## What needs to be done
Output all entries verbatim, dropping pictures.

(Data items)
- - -
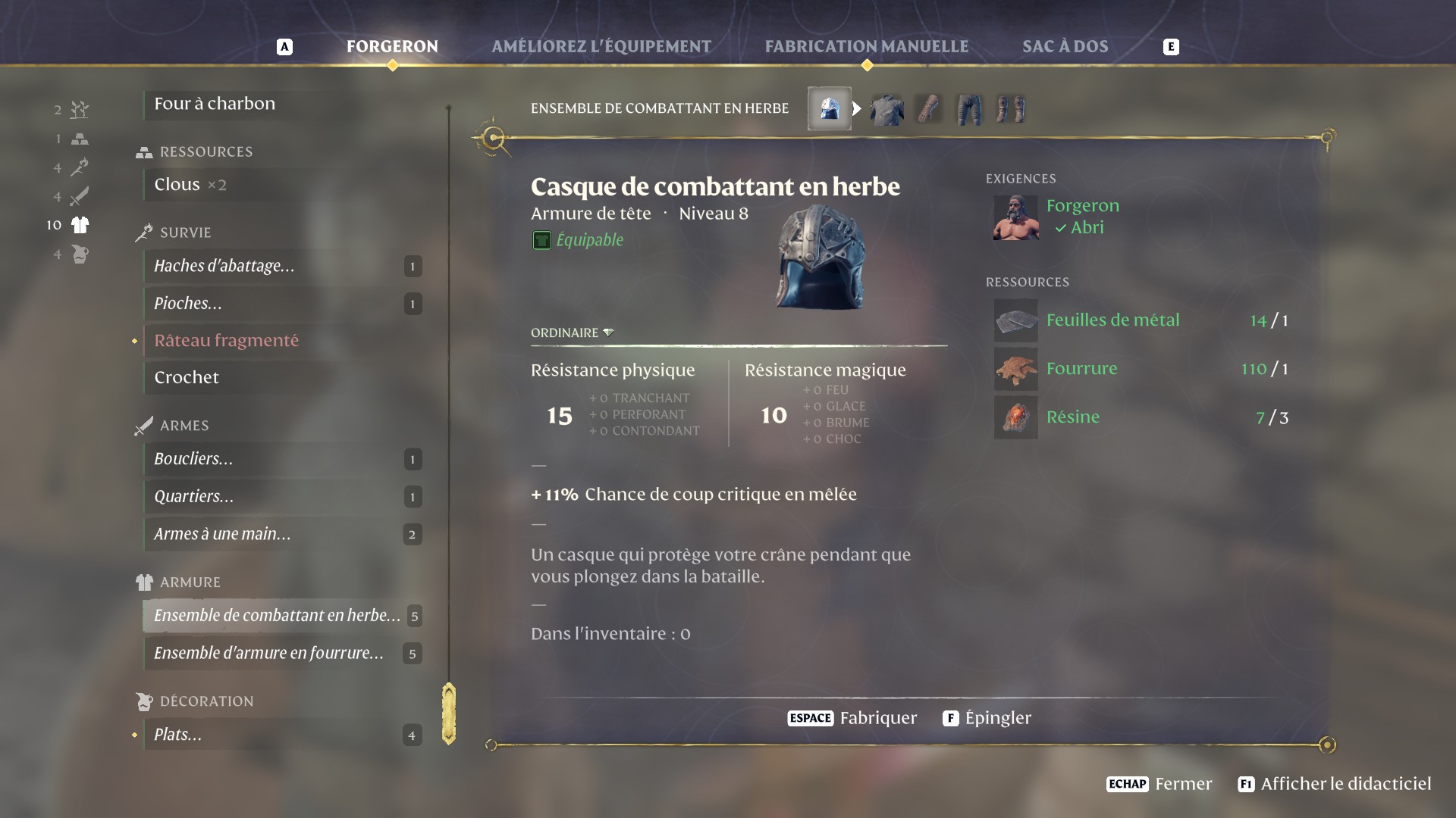 Ainsi, la forge produira des feuilles de métal à base de charbon et de ferraille. Une fois les ressources réunies, vous pourrez enfin créer l’armure du combattant en herbe.
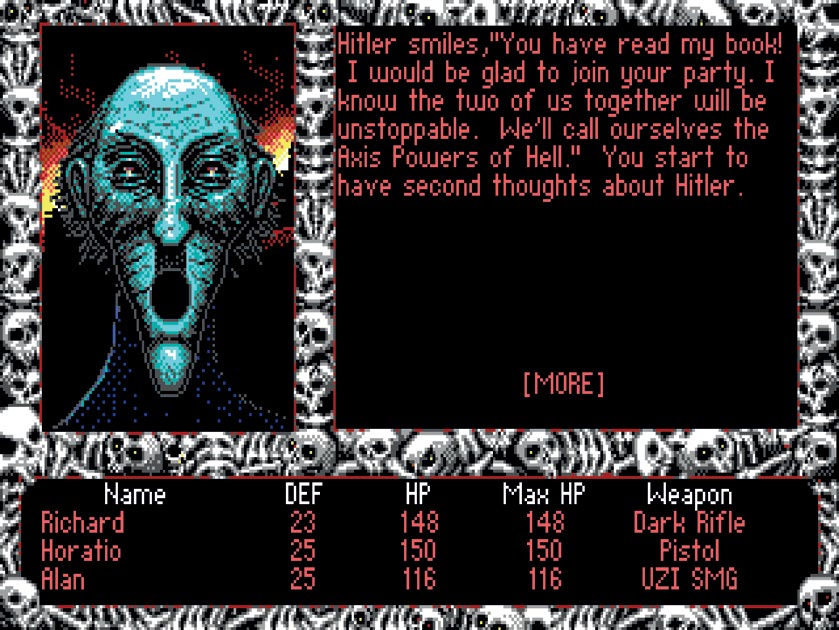 实际上,和历史上流芳百世(或者臭名昭著)的大人物组队探索地狱荒芜的土地就是《逃离地狱》全部内容。这游戏的难度相对较低,所以主要的挑战就在于决定让谁加入或者离开 Richard 的队伍。从机制上来看,《逃离地狱》就是一个简化版的《废土》(Wasteland):一个俯视角回合制 RPG,有属性值、技能(大部分都是战斗用的,但也有不是的)、和使用了动画化敌人肖像的第一人称视角战斗等设定。
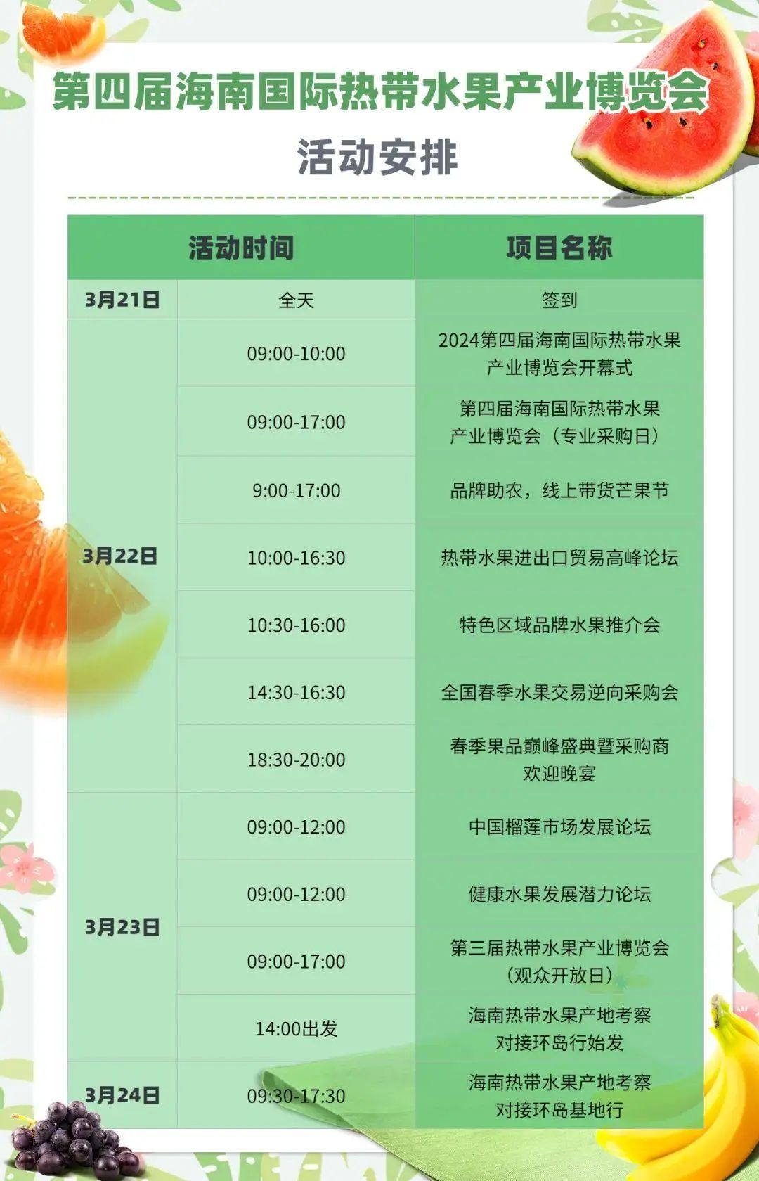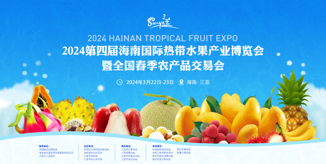 3月22日至23日,2024第四届海南国际热带水果产业博览会暨春季农产品交易会(简称“2024热博会”)将在三亚天涯海角红树林国际会展中心举办。
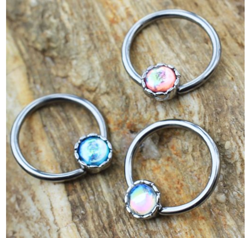 Nipple Ring / Captive Bead Ring‚Multi-color Rainbow rhinestone captured in decorative setting‚Versatile jewelry can be worn many places‚Easy to wear and remove with precise dimples‚Combined size of Opal & CZ is 6mm‚Ring Thickness : 14GA | 1.6mm‚Ring Inner Diameter : 9/16" | 14mm‚Ball Size : 6.5mm‚Available in White, Pink, and Aqua‚Material : 316L Stainless Steel, Rainbow Rhinestone
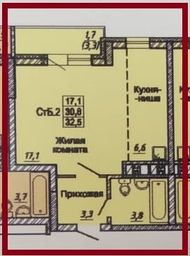 Общая площадь 32.7 м2
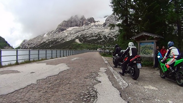 Scendiamo dal Rolle, e visto che il tragitto originale è già stato completamente sconvolto e non smette di piovere, decidiamo di andare direttamente verso l'albergo nel modo più veloce e meno rischioso, proseguendo lungo la valle per Predazzo, Moena e Canazei.
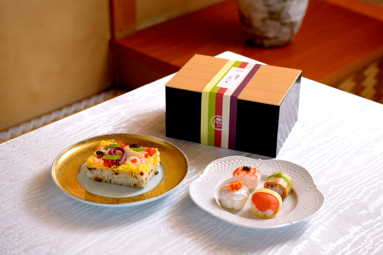 特製ちらし寿司とともに、ゆばや鯛を使った彩り豊かなあんかけ料理、出汁の旨みが染み込んだ高野豆腐と里芋の炊き合わせなど、料亭ならではの繊細な味わいを詰め合わせました。
- - -
## Your solution
 Ainsi, la forge produira des feuilles de métal à base de charbon et de ferraille. Une fois les ressources réunies, vous pourrez enfin créer l’armure du combattant en herbe.
 实际上,和历史上流芳百世(或者臭名昭著)的大人物组队探索地狱荒芜的土地就是《逃离地狱》全部内容。这游戏的难度相对较低,所以主要的挑战就在于决定让谁加入或者离开 Richard 的队伍。从机制上来看,《逃离地狱》就是一个简化版的《废土》(Wasteland):一个俯视角回合制 RPG,有属性值、技能(大部分都是战斗用的,但也有不是的)、和使用了动画化敌人肖像的第一人称视角战斗等设定。
 3月22日至23日,2024第四届海南国际热带水果产业博览会暨春季农产品交易会(简称“2024热博会”)将在三亚天涯海角红树林国际会展中心举办。
 Nipple Ring / Captive Bead Ring‚Multi-color Rainbow rhinestone captured in decorative setting‚Versatile jewelry can be worn many places‚Easy to wear and remove with precise dimples‚Combined size of Opal & CZ is 6mm‚Ring Thickness : 14GA | 1.6mm‚Ring Inner Diameter : 9/16" | 14mm‚Ball Size : 6.5mm‚Available in White, Pink, and Aqua‚Material : 316L Stainless Steel, Rainbow Rhinestone
 Общая площадь 32.7 м2
 Scendiamo dal Rolle, e visto che il tragitto originale è già stato completamente sconvolto e non smette di piovere, decidiamo di andare direttamente verso l'albergo nel modo più veloce e meno rischioso, proseguendo lungo la valle per Predazzo, Moena e Canazei.
 特製ちらし寿司とともに、ゆばや鯛を使った彩り豊かなあんかけ料理、出汁の旨みが染み込んだ高野豆腐と里芋の炊き合わせなど、料亭ならではの繊細な味わいを詰め合わせました。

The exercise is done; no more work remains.